> WORK TASK: A faithful copy is needed of the lines below from the one with "これらの模様は「線状谷埋積物" up to and including the one with "古着 used OUTER"; set it down with no pictures and no other lines.

======== RECORDS FOR PROCESSING

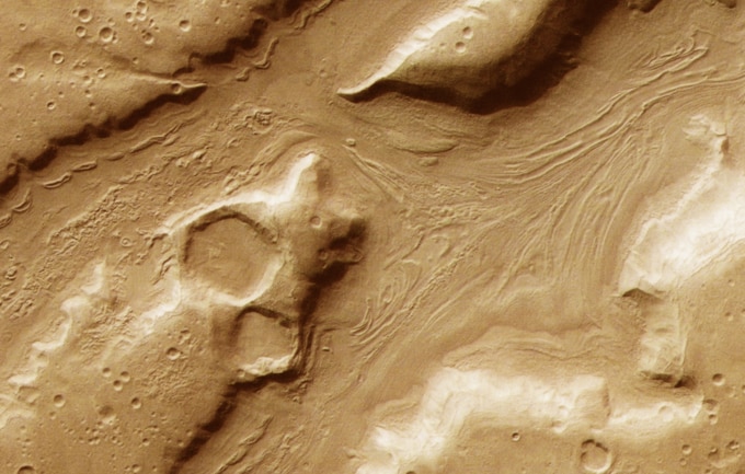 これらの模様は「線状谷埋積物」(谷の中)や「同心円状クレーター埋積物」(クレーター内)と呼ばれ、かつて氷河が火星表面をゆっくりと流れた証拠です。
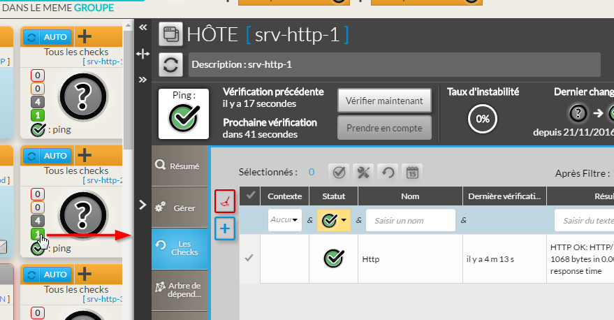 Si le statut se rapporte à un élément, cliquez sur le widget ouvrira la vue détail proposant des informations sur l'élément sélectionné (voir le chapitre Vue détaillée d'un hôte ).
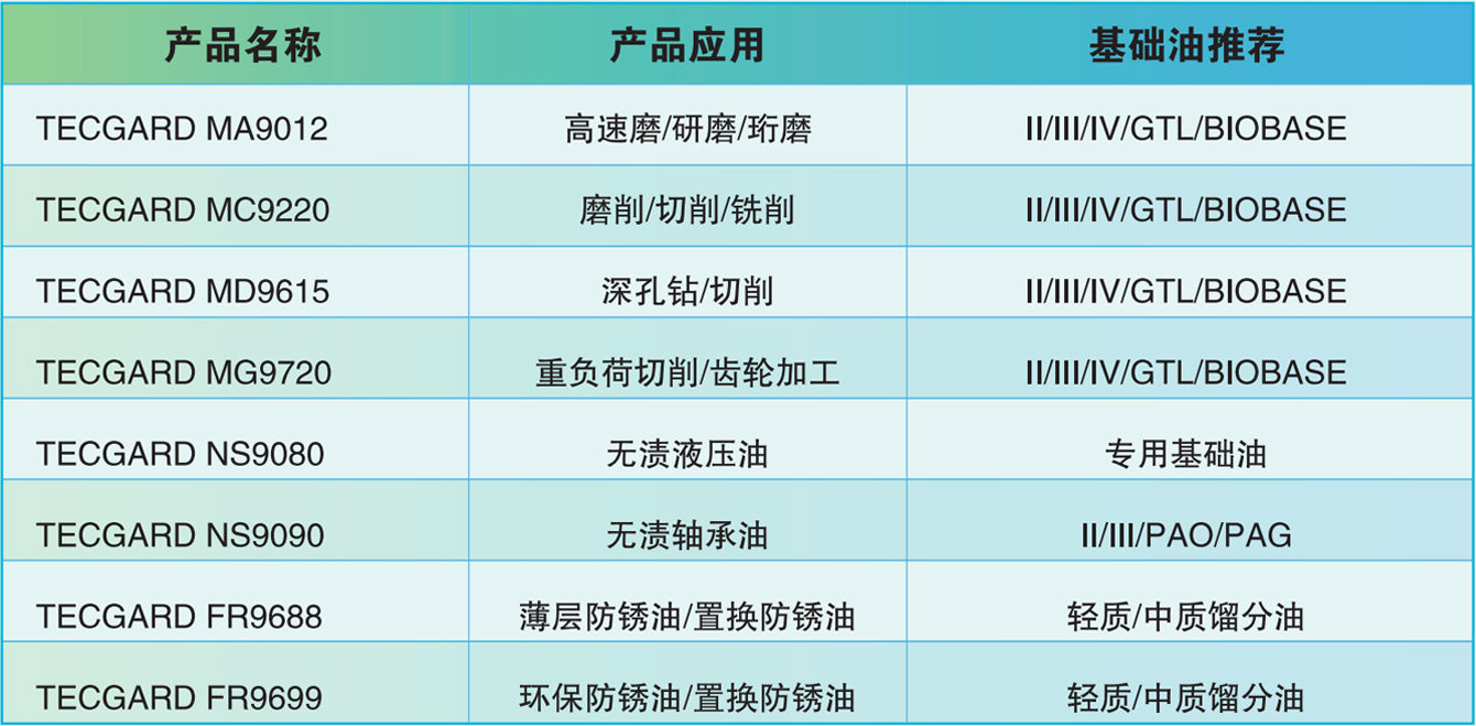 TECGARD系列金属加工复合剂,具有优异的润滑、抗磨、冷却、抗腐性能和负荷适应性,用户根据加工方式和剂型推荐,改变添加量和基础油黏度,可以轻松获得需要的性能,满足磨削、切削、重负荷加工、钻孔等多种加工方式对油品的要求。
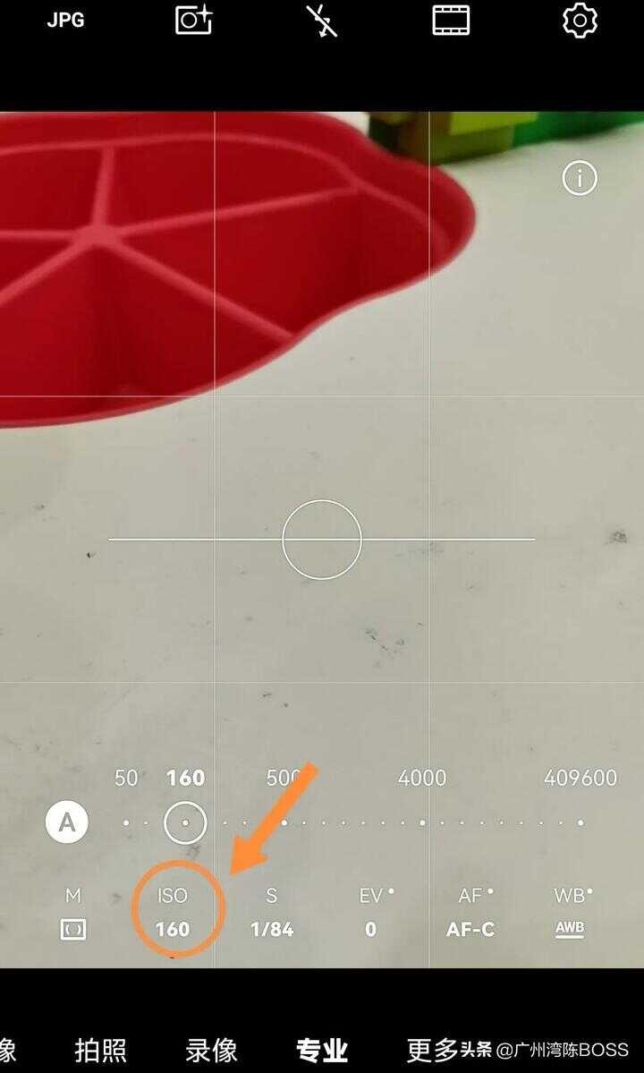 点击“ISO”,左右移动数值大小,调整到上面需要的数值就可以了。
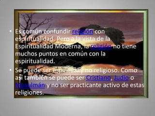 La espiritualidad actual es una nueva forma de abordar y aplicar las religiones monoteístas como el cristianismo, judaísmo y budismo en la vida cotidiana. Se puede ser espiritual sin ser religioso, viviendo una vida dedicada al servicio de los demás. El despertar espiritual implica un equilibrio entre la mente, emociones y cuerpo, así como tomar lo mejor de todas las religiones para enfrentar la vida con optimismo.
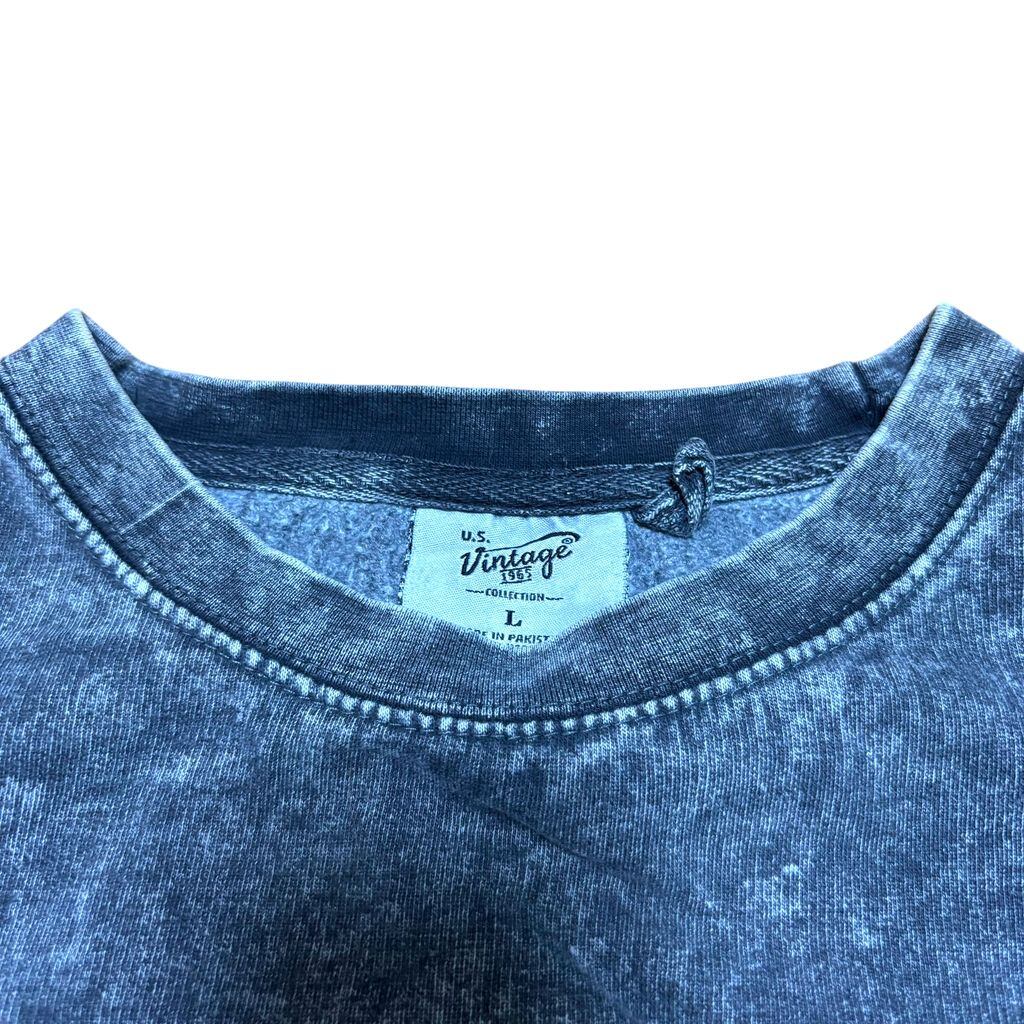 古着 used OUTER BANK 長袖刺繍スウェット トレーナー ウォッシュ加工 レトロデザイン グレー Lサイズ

================
======== RECORDS FOR PROCESSING

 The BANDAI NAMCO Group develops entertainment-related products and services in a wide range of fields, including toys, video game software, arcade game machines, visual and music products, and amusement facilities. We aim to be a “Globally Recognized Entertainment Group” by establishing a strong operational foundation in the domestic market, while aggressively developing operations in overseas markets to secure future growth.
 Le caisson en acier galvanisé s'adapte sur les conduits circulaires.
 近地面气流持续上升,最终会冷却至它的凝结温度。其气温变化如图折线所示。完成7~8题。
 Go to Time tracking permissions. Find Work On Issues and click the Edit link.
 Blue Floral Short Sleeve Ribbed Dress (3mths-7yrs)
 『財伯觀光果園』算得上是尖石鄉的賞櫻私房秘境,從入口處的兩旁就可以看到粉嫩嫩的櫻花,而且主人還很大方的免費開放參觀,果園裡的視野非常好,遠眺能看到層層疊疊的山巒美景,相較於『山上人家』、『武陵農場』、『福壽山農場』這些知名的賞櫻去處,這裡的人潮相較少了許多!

================
======== RECORDS FOR PROCESSING

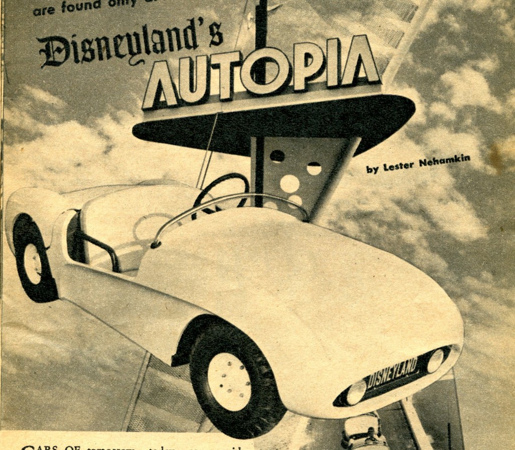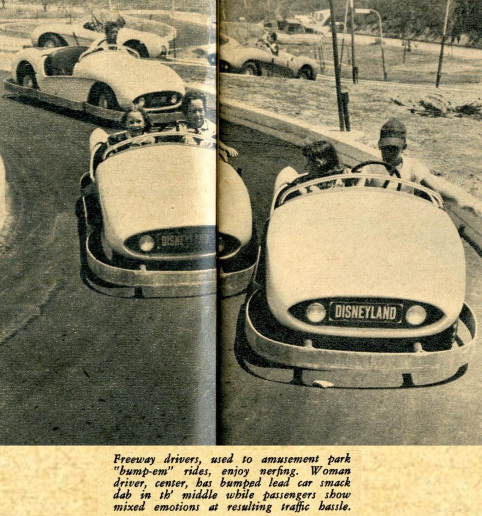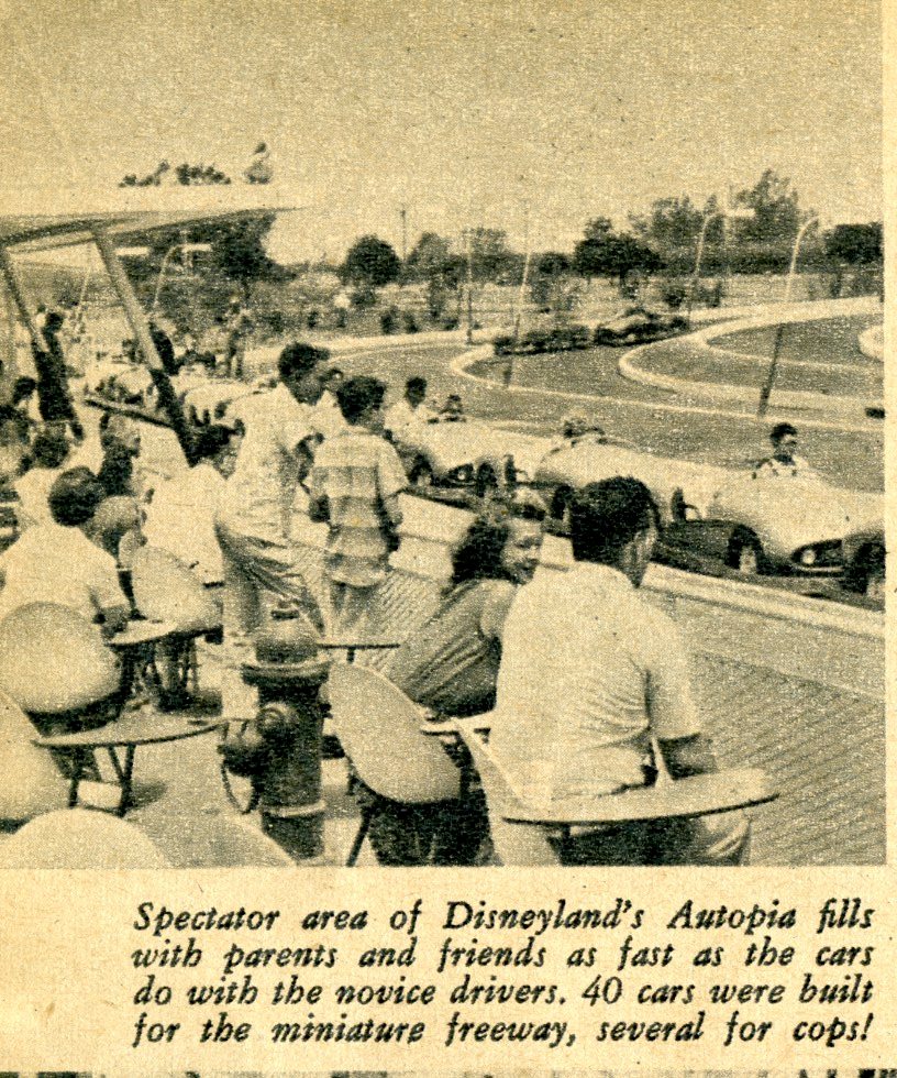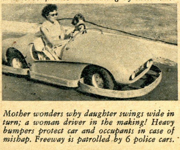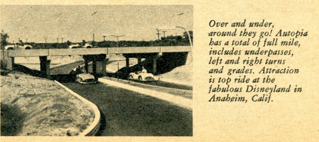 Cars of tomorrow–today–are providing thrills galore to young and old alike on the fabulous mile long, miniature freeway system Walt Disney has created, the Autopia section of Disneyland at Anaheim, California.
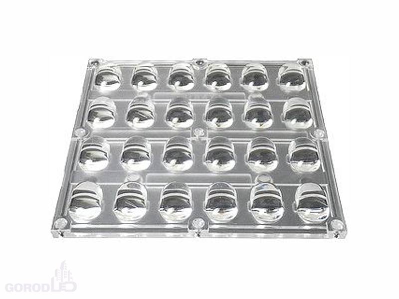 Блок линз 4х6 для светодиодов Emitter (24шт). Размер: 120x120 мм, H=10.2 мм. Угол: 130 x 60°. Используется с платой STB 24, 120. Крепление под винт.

================

> SOLUTION:
 これらの模様は「線状谷埋積物」(谷の中)や「同心円状クレーター埋積物」(クレーター内)と呼ばれ、かつて氷河が火星表面をゆっくりと流れた証拠です。
 Si le statut se rapporte à un élément, cliquez sur le widget ouvrira la vue détail proposant des informations sur l'élément sélectionné (voir le chapitre Vue détaillée d'un hôte ).
 TECGARD系列金属加工复合剂,具有优异的润滑、抗磨、冷却、抗腐性能和负荷适应性,用户根据加工方式和剂型推荐,改变添加量和基础油黏度,可以轻松获得需要的性能,满足磨削、切削、重负荷加工、钻孔等多种加工方式对油品的要求。
 点击“ISO”,左右移动数值大小,调整到上面需要的数值就可以了。
 La espiritualidad actual es una nueva forma de abordar y aplicar las religiones monoteístas como el cristianismo, judaísmo y budismo en la vida cotidiana. Se puede ser espiritual sin ser religioso, viviendo una vida dedicada al servicio de los demás. El despertar espiritual implica un equilibrio entre la mente, emociones y cuerpo, así como tomar lo mejor de todas las religiones para enfrentar la vida con optimismo.
 古着 used OUTER BANK 長袖刺繍スウェット トレーナー ウォッシュ加工 レトロデザイン グレー Lサイズ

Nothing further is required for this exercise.